The asymptotic theory is derived as \(n \rightarrow \infty\) under the sequence of probability distributions with the coefficients \(\beta_{n}\). The way to think about this is that the true value of the parameter is \(\beta_{n}\) and it is “close” to satisfying (8.1). The reason why the deviation is proportional to \(n^{-1 / 2}\) is because this is the only choice under which the localizing parameter \(\delta\) appears in the asymptotic distribution but does not dominate it. The best way to see this is to work through the asymptotic approximation.
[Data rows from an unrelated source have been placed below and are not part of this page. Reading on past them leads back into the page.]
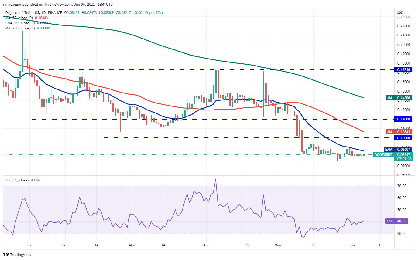 Dogecoin (DOGE) is stuck between the 20-day EMA ($0.08) and $0.08 for the past few days but this tight range trading is unlikely to continue for long.
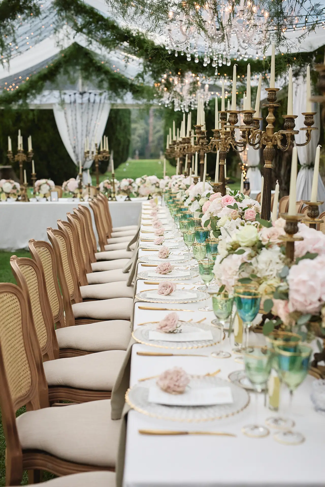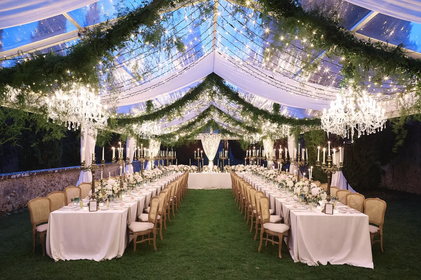 Returning to Villa Cetinale felt like a grand homecoming. Guests were welcomed into the rear avenue, a breathtaking space leading to the villa, where a beautiful marquee glowed under a canopy of fairy lights. Live music from a jazz soul band filled the air, creating a sophisticated and vibrant atmosphere for the dinner reception. The design was one of timeless elegance, allowing the grandeur of the villa and the warmth of the celebration to take center stage.
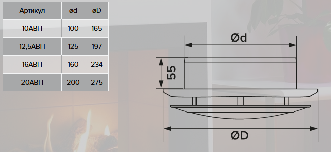 10АВП, Анемостат вытяжной регулируемый с фланцем АБС D100
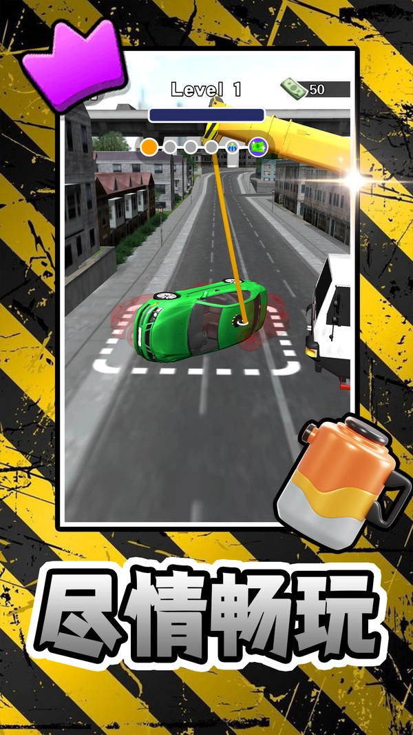 3.当前关卡的进度清晰明了,每完成一次车辆吊装操作就能前进一格,操作速度越快,效率也就越高。

Since \(\beta_{n}\) is the true coefficient value, then \(Y=X^{\prime} \beta_{n}+e\) and we have the standard representation for the unconstrained estimator, namely
\[ \sqrt{n}\left(\widehat{\beta}-\beta_{n}\right)=\left(\frac{1}{n} \sum_{i=1}^{n} X_{i} X_{i}^{\prime}\right)^{-1}\left(\frac{1}{\sqrt{n}} \sum_{i=1}^{n} X_{i} e_{i}\right) \underset{d}{\longrightarrow} \mathrm{N}\left(0, \boldsymbol{V}_{\beta}\right) . \]
There is no difference under fixed (classical) or local asymptotics since the right-hand-side is independent of the coefficient \(\beta_{n}\).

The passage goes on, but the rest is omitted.